Dealers are responsible to their clients for the solutions and devices installed. Dealers should be working with the manufactures to implement cyber testing processes to validate that new devices and technologies meet the functional need of the client without introducing additional cyber threats to the network.

It is important to recognize that project managers cannot achieve these goals alone and will require the support of executive management, operations, sales, estimation and most importantly the manufactures. This needs to be a companywide initiative for all dealers.


Communication and expectations are the most important aspects of project management. This holds true with respect to cyber security as with construction and physical security. The entire process starts with identifying client needs, current policies, and environment. Communication needs to start during the sales cycle in advance of a project manager engagement, so success can only be achieved with a team effort across all departments as a dealer. Below are the recommended steps that should be taken to position all parties for success:

Identify Client’s Cyber Compliance Needs

Many clients have regulatory and policy driven requirements to which they must adhere. These requirements are not disclosed at the beginning of the sales or estimating process. These cyber compliance requirements can be used by the project manager in the other recommended steps.
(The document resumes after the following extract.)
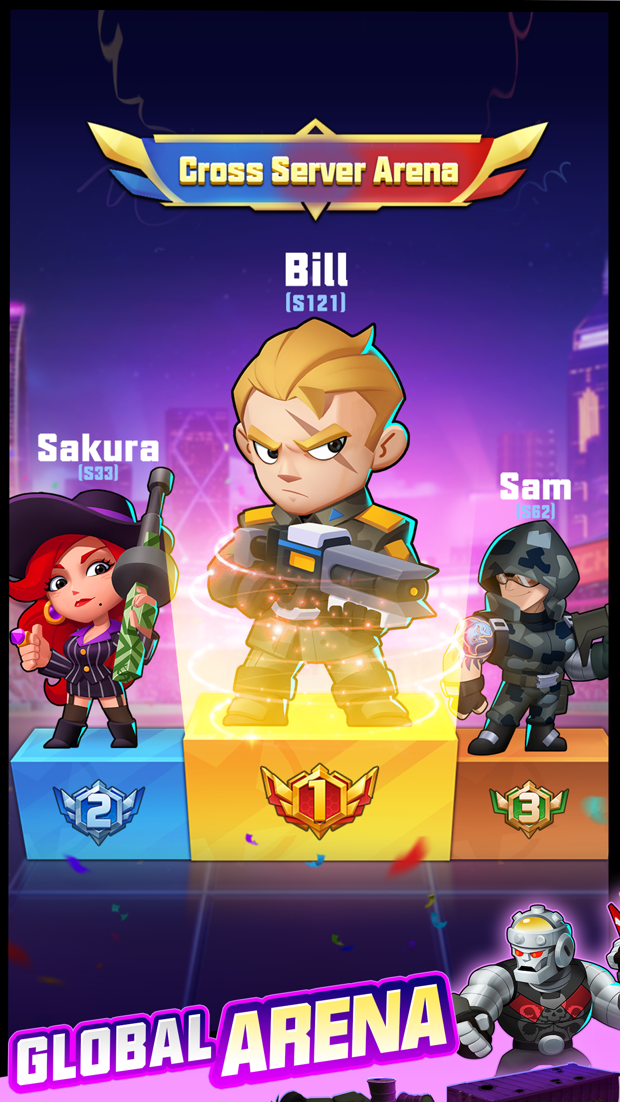 >GLOBAL ARENAWin thrilling 1V1 PVP battles and 3V3 Star Arena with global players with your strategic hero deployment.

Identify Cyber Hardening Capabilities

Different devices have different levels of cyber hardening capabilities and these capabilities need to be matched against the client’s cyber compliance requirements to ensure that the solution meet everyone’s needs.
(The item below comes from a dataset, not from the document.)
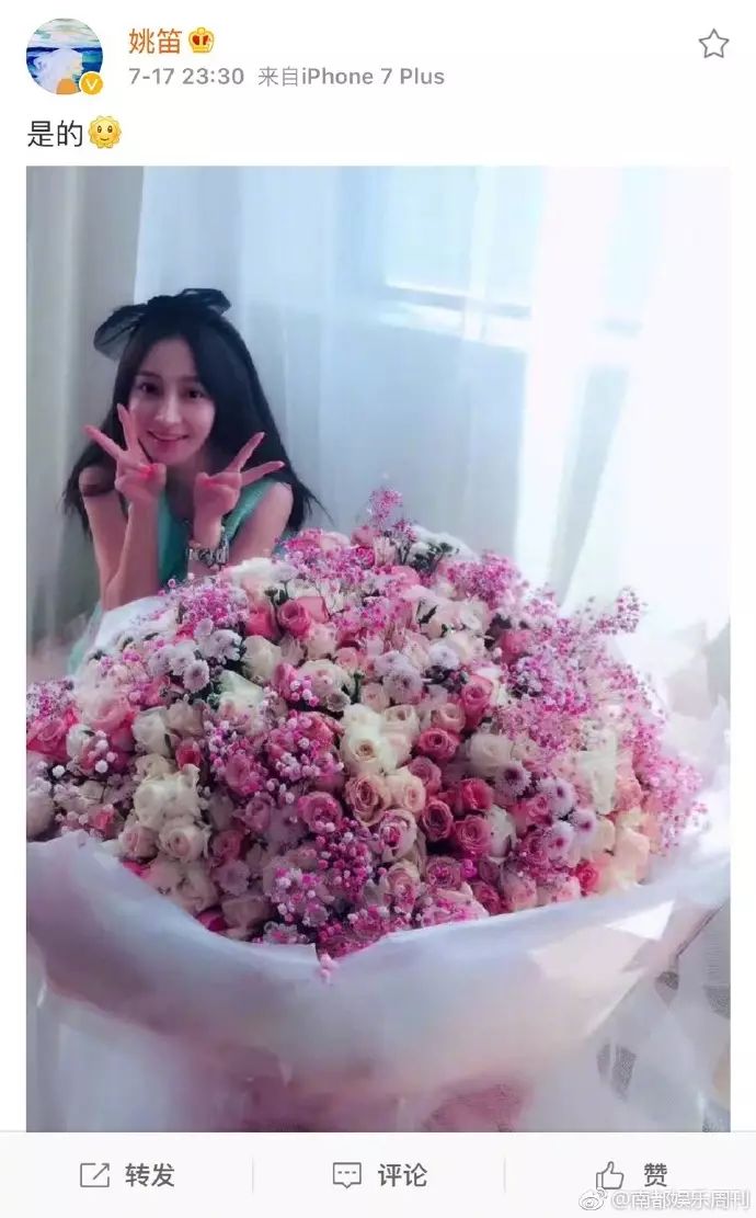 今天,姚笛在微博晒出一大捧花,双手比V宣告恋情有了着落,这一切来得猝不及防。

Identify Network Architecture

IP networks can be powerful and complex systems with VLANs, segments, routing, and QoS. Devices that are installed by dealers are attached to these networks and some of them, like cameras, can have a major impact on the performance of the network. Dealers and project managers need to assist their clients with making sure that the devices that attach to the network are known by IT and to assist security or facilities departments with understanding the impact on the IT infrastructure.

Plan for Additional Time

Meetings with IT, validation of device capabilities, configuration and hardening of devices, and ongoing updates and maintenance related to the cyber security integrity of any project take additional time and resources that may not have been planned for in the past. Since these things are becoming increasingly required by all clients, dealers need to plan and budget projects appropriately so that project managers can keep costs in line with estimates.

Update Internal Project Management Process

Many of these recommendations may be new to the dealers and will need some form of documentation to ensure consistency. There are many things that project managers are responsible for and it is not practical to perform effectively from memory alone. Project management process documentation should be updated to include the recommendations made above and may also include checklists and change management documents to keep the project organized.


Cyber security can be a complex topic to address effectively, but it is not impossible. By using some of the recommendations listed above, project managers in our industry can deliver better solutions that address the new cyber security needs of our clients and do it in a way that increases the value we bring to our clients.

We all need to band together and work with PSA to get the manufacturers involved in solving the problem as well by designing products with cyber security in mind and documenting the steps necessary to harden them. By working together we can change the way the manufactures and our industry look at cyber security and make all of our products cyber safe. Finally, this is something we all need to take action on now. The industry is changing and there will be little room for us if we cannot change with it. The threat of cyber attacks is real and it is no longer acceptable to be ignorant of the technology and pretend that it is someone else’s problem.